◆ **WHAT YOU WILL DO**:
Could you retype the records below exactly as they appear, skipping any pictures?

[[ RECORDS SUPPLIED open ]]

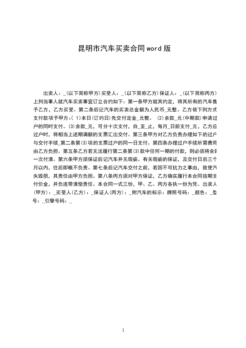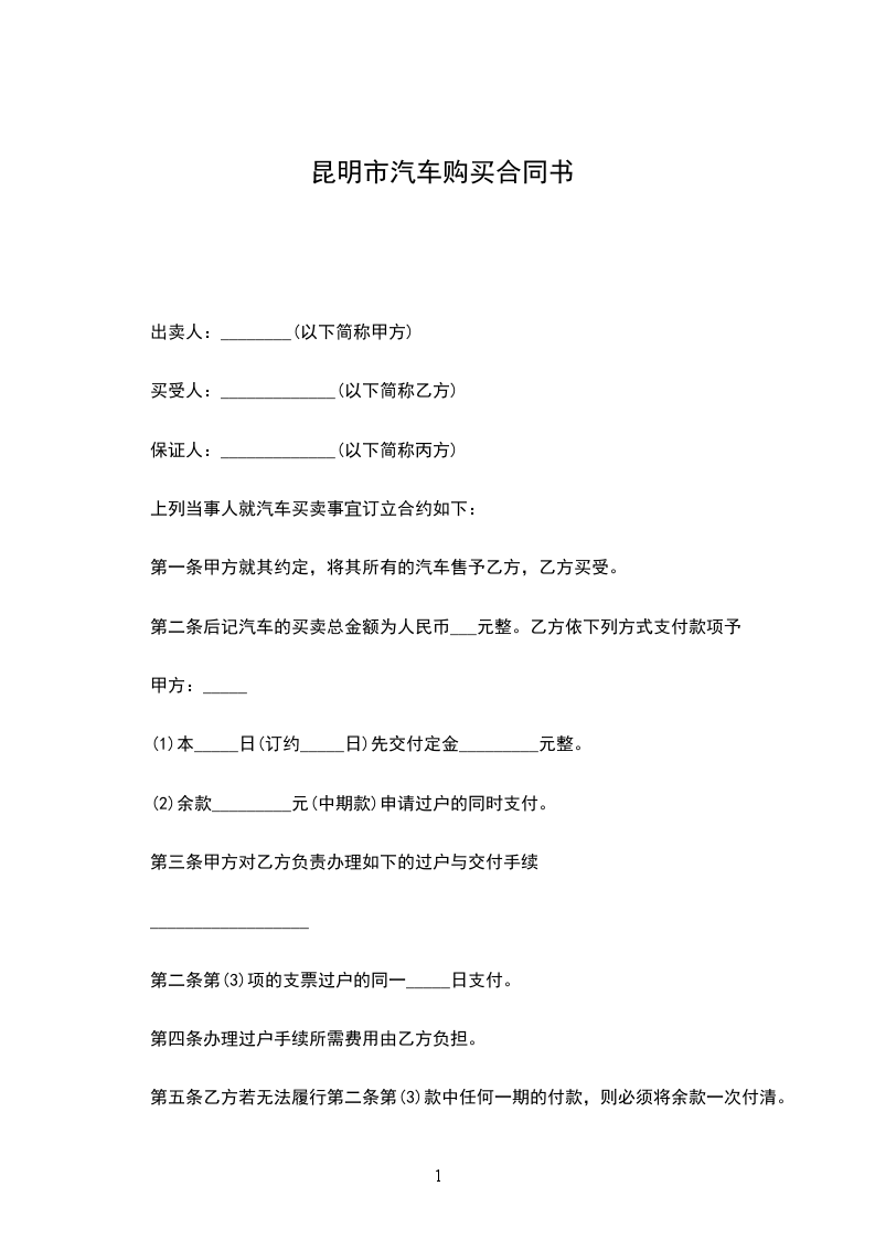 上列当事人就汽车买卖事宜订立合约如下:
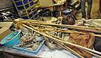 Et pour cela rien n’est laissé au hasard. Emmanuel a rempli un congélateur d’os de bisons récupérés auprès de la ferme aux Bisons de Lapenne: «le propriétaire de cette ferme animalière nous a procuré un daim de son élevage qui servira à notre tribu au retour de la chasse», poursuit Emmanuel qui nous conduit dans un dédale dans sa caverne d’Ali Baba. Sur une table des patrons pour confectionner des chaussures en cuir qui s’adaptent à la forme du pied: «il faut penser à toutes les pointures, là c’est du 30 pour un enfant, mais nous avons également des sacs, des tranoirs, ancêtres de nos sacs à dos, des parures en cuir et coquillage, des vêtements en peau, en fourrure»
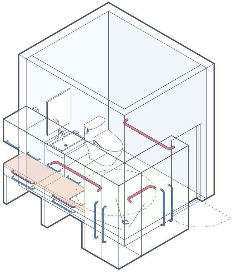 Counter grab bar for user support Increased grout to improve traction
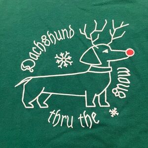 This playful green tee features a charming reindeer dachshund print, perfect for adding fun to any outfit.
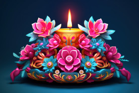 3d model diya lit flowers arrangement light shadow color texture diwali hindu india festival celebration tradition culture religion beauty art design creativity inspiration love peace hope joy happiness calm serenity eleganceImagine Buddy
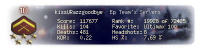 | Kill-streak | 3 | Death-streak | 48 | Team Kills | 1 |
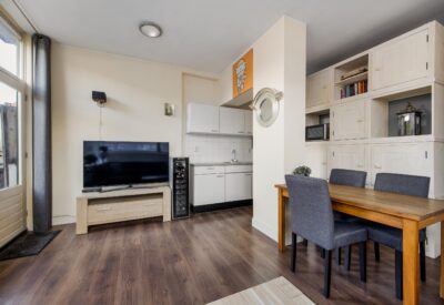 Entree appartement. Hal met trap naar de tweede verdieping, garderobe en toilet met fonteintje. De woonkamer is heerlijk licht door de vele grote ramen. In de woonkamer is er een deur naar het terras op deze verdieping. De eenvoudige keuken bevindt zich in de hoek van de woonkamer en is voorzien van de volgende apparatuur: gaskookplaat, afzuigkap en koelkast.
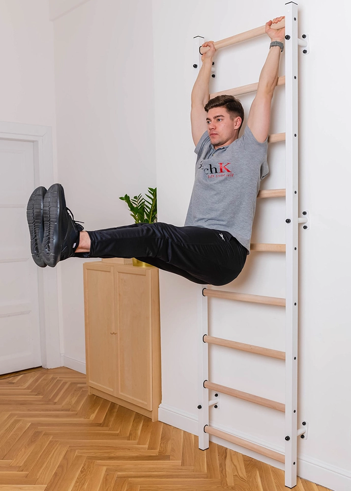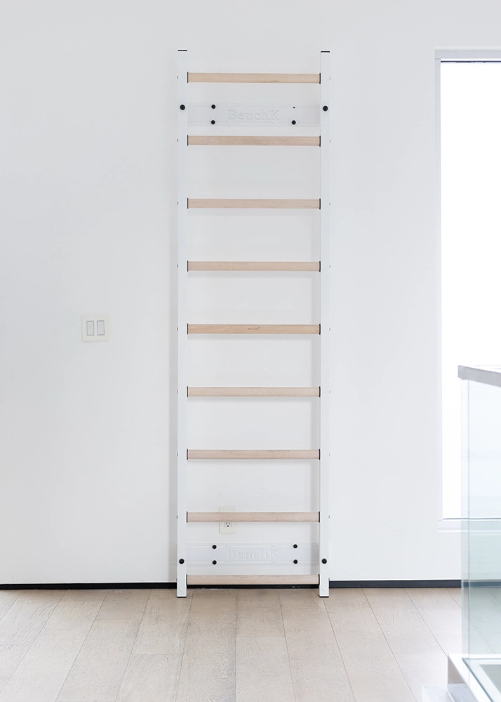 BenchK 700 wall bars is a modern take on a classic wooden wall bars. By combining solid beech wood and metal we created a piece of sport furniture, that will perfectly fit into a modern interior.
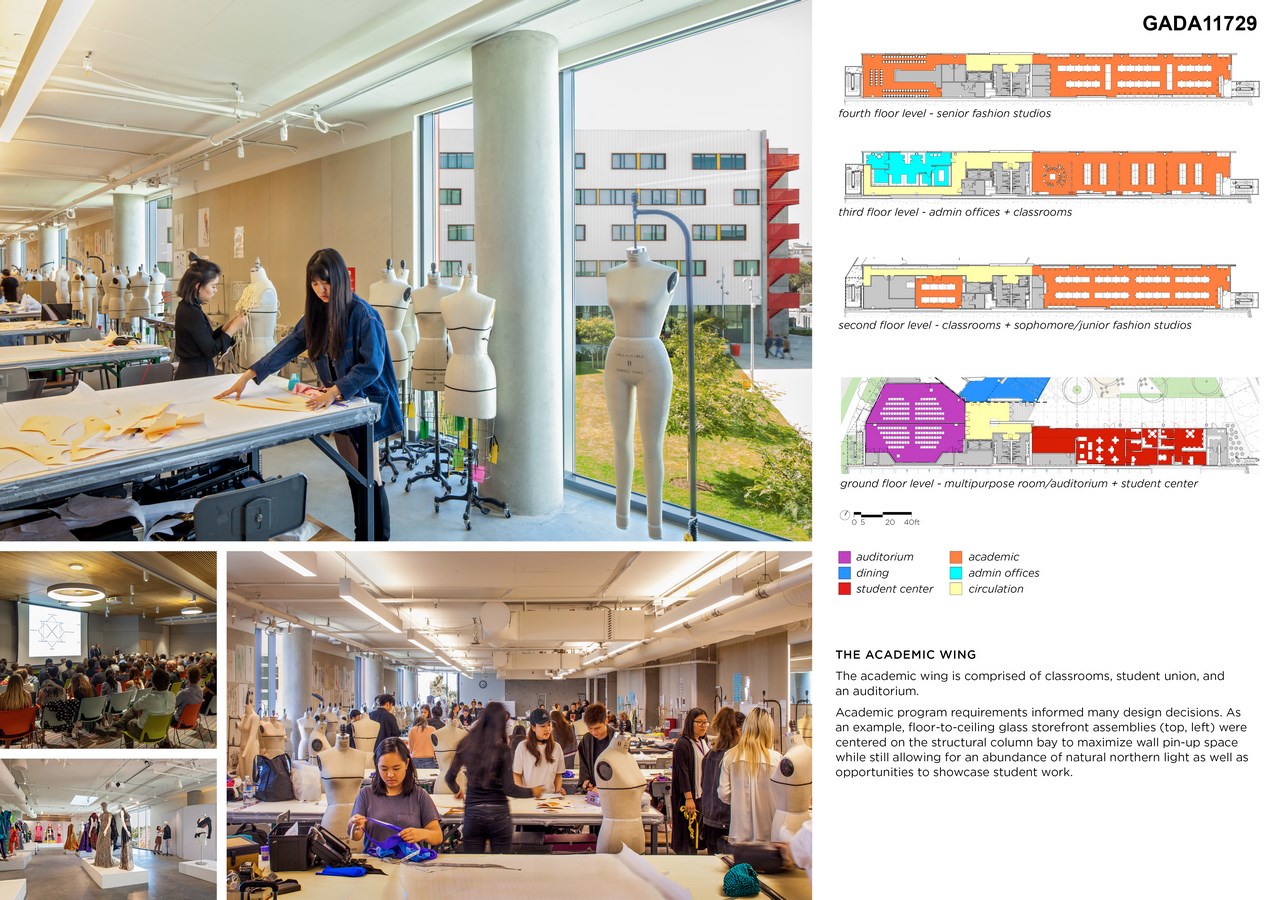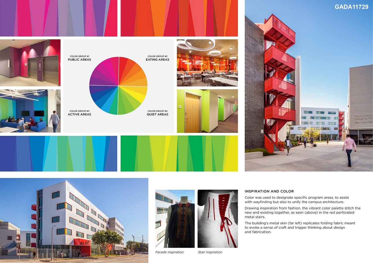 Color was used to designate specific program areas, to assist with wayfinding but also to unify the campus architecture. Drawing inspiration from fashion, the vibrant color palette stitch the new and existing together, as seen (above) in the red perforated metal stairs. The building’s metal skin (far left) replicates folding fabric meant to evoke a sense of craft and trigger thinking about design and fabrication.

[[ RECORDS SUPPLIED closed ]]

◆ **ANSWER SECTION**:
 上列当事人就汽车买卖事宜订立合约如下:
 Et pour cela rien n’est laissé au hasard. Emmanuel a rempli un congélateur d’os de bisons récupérés auprès de la ferme aux Bisons de Lapenne: «le propriétaire de cette ferme animalière nous a procuré un daim de son élevage qui servira à notre tribu au retour de la chasse», poursuit Emmanuel qui nous conduit dans un dédale dans sa caverne d’Ali Baba. Sur une table des patrons pour confectionner des chaussures en cuir qui s’adaptent à la forme du pied: «il faut penser à toutes les pointures, là c’est du 30 pour un enfant, mais nous avons également des sacs, des tranoirs, ancêtres de nos sacs à dos, des parures en cuir et coquillage, des vêtements en peau, en fourrure»
 Counter grab bar for user support Increased grout to improve traction
 This playful green tee features a charming reindeer dachshund print, perfect for adding fun to any outfit.
 3d model diya lit flowers arrangement light shadow color texture diwali hindu india festival celebration tradition culture religion beauty art design creativity inspiration love peace hope joy happiness calm serenity eleganceImagine Buddy
 | Kill-streak | 3 | Death-streak | 48 | Team Kills | 1 |
 Entree appartement. Hal met trap naar de tweede verdieping, garderobe en toilet met fonteintje. De woonkamer is heerlijk licht door de vele grote ramen. In de woonkamer is er een deur naar het terras op deze verdieping. De eenvoudige keuken bevindt zich in de hoek van de woonkamer en is voorzien van de volgende apparatuur: gaskookplaat, afzuigkap en koelkast.
 BenchK 700 wall bars is a modern take on a classic wooden wall bars. By combining solid beech wood and metal we created a piece of sport furniture, that will perfectly fit into a modern interior.
 Color was used to designate specific program areas, to assist with wayfinding but also to unify the campus architecture. Drawing inspiration from fashion, the vibrant color palette stitch the new and existing together, as seen (above) in the red perforated metal stairs. The building’s metal skin (far left) replicates folding fabric meant to evoke a sense of craft and trigger thinking about design and fabrication.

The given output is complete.